Copy, word for word, the lines below from the one containing "Hydraulic Courses In" up to and including the one containing "Great idea for", with pictures left out.
───── Given information ─────
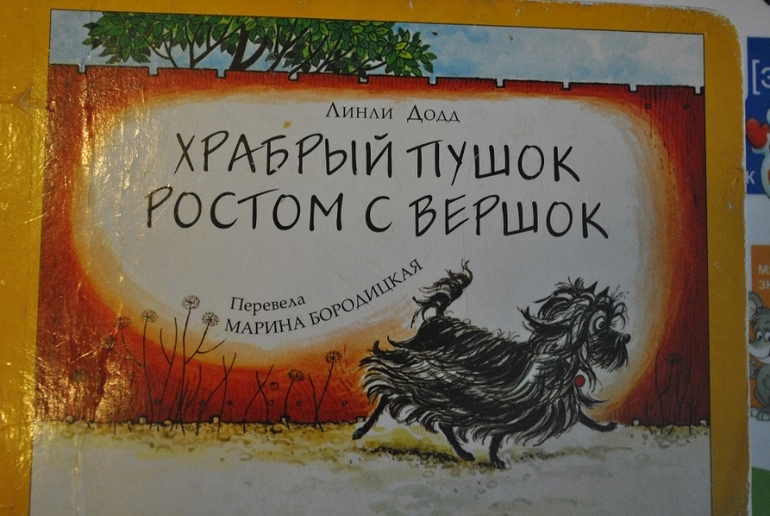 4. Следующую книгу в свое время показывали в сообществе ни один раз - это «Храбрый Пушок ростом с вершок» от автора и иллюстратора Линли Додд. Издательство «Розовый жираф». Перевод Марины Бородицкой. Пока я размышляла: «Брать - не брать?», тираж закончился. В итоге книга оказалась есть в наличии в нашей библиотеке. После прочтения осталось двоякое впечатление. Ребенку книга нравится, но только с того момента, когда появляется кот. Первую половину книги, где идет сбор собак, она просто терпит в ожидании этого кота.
─────
───── Given information ─────
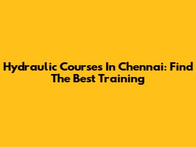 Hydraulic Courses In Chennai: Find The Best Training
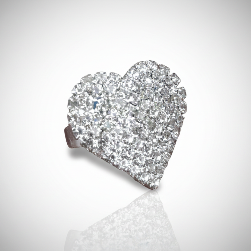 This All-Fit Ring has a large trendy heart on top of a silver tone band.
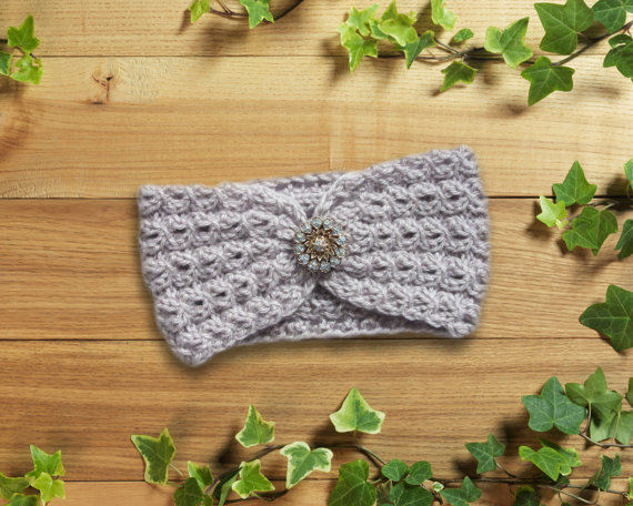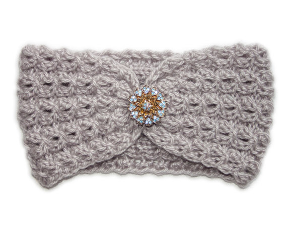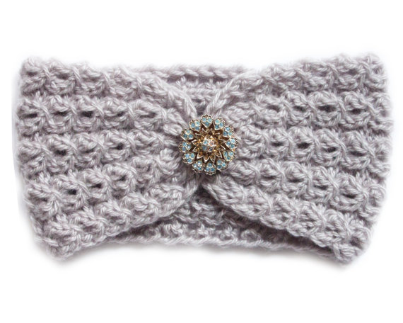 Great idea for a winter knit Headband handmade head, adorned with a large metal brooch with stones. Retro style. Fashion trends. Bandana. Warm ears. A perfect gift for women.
─────
Answer area ::
 Hydraulic Courses In Chennai: Find The Best Training
 This All-Fit Ring has a large trendy heart on top of a silver tone band.
 Great idea for a winter knit Headband handmade head, adorned with a large metal brooch with stones. Retro style. Fashion trends. Bandana. Warm ears. A perfect gift for women.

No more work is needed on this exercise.